The ExportSource[T] interface provides a factory-style contract for creating new instances of type T for exporting.

type ExportSource[T any] interface {
    Make(timestamp time.Time) *T
    Name() string
}

Methods

  • *Make(timestamp time.Time) T
    Creates a new instance of type T at the specified timestamp. This is typically used to generate data that represents a point-in-time snapshot.

  • Name() string
    Returns the name of the export source. Used for identification and logging.

ComputeSource[T]

The ComputeSource[T] interface defines a data source that can compute instances of type T over a time range with a specified resolution. This contract is useful for sources that leverage a queryable backend, or other potentially fallable data sources.

type ComputeSource[T any] interface {
    CanCompute(start, end time.Time) bool
    Compute(start, end time.Time, resolution time.Duration) (*T, error)
    Name() string
}

Methods

  • CanCompute(start, end time.Time) bool
    Determines whether the source can effectively compute data for the given time range. This allows the system to check capability before attempting computation that might fail.

  • Compute(start, end time.Time, resolution time.Duration) (*T, error)
    Computes and returns data of type T for the specified time range with the given resolution. Returns an error if computation fails.

  • Name() string
    Returns the name of the compute source. Used for identification and logging.

Usage

In the Controller documentation below, you will see how we can compose the Exporter[T] and ExportSource[T] in a controller that can generically export data from a generic source to a generic storage backend.

Export Controllers

OpenCost's exporter package implements two primary export controller patterns:

  1. EventExportController[T]: For exporting point-in-time event data
  2. ComputeExportController[T]: For exporting computed data over time windows

These controllers compose data sources with exporters to create scheduled export processes that run on configurable intervals.

Controller Interfaces

All controllers implement the ExportController interface:

type ExportController interface {
    Name() string
    Start(interval time.Duration) bool
    Stop()
}

EventExportController[T]

The EventExportController[T] handles time-stamped event exporting for data that represents a specific moment in time.

Architecture

┌─────────────────┐     ┌────────────────┐     ┌─────────────────┐
│  ExportSource   │────▶│     Event T    │────▶│  EventExporter  │
└─────────────────┘     └────────────────┘     └─────────────────┘
        Make()                                      Export()

Components

  • ExportSource[T]: Creates instances of type T for a specific timestamp
  • EventExporter[T]: Exports instances of type T to a destination

Lifecycle

  1. Controller starts a background loop running at the specified interval
  2. At each interval:
    • Gets current time (truncated to second)
    • Calls source.Make(time) to create a new event instance
    • Calls exporter.Export(time, event) to export the event

ComputeExportController[T]

The ComputeExportController[T] handles exporting data that is computed over time windows, such as aggregated metrics or cost data.

Architecture

┌─────────────────┐     ┌────────────────┐     ┌──────────────────┐
│  ComputeSource  │────▶│  Computed T    │────▶│  ComputeExporter │
└─────────────────┘     └────────────────┘     └──────────────────┘
     Compute()                                      Export()

Components

  • ComputeSource[T]: Computes instances of type T for specific time windows
  • ComputeExporter[T]: Exports computed instances to a destination

Key Parameters

  • resolution: The time window size for exports (e.g., hourly, daily)
  • sourceResolution: The granularity of data used for computation (e.g., per-minute data points).
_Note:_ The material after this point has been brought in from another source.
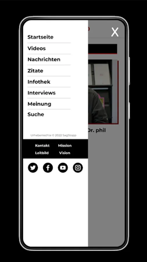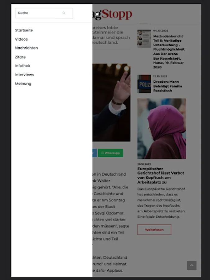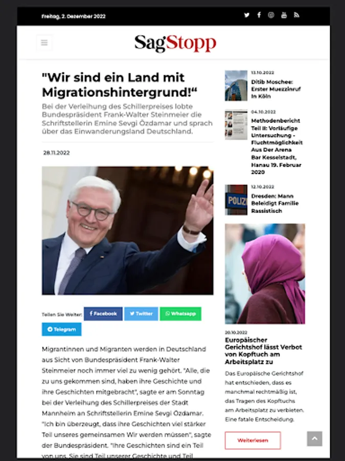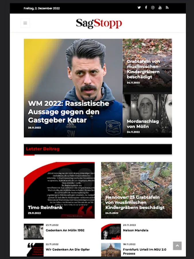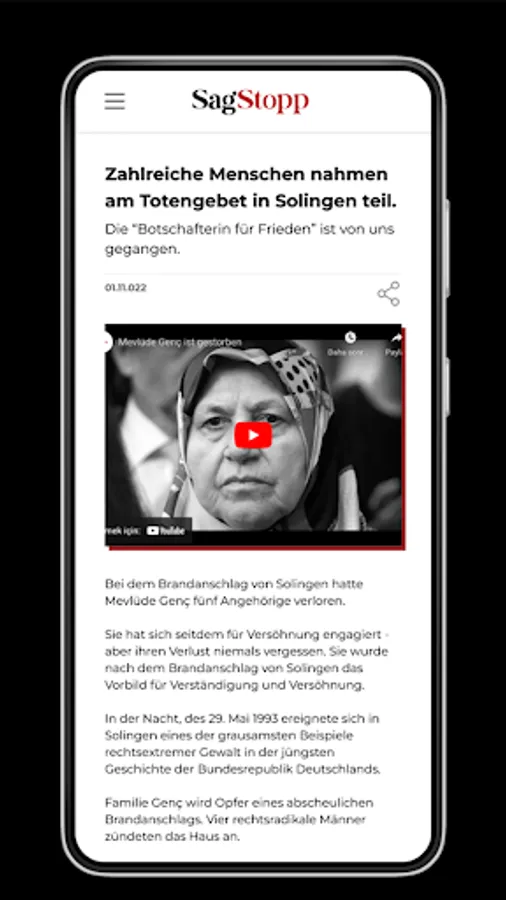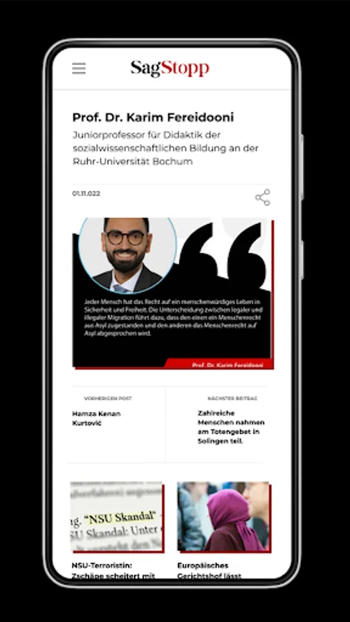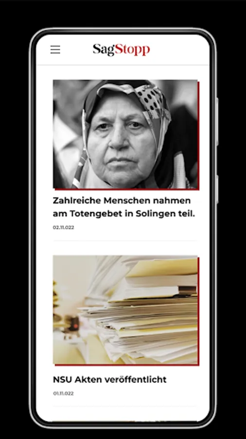On the mobile application of the German news site "Sag Stopp" you can access interviews, infographics and daily breaking news.

Note that some sources don't allow customizable resolutions in queries.

Lifecycle

  1. Controller starts a background loop running at the specified interval
  2. At each interval:
    • Determines which time windows need exporting (previous and current)
    • For each window:
      • Checks if the source can compute data for the window
      • Calls source.Compute(start, end, sourceResolution) to generate data
      • Calls exporter.Export(window, data) to export the data

ComputeExportControllerGroup

For managing multiple compute controllers with different resolutions, the ComputeExportControllerGroup provides a way to group and manage them together:

// Create controllers for different resolutions
hourlyController := NewComputeExportController(source, exporter, time.Hour, time.Minute)
dailyController := NewComputeExportController(source, exporter, 24*time.Hour, time.Hour)

// Group them together
group := NewComputeExportControllerGroup(hourlyController, dailyController)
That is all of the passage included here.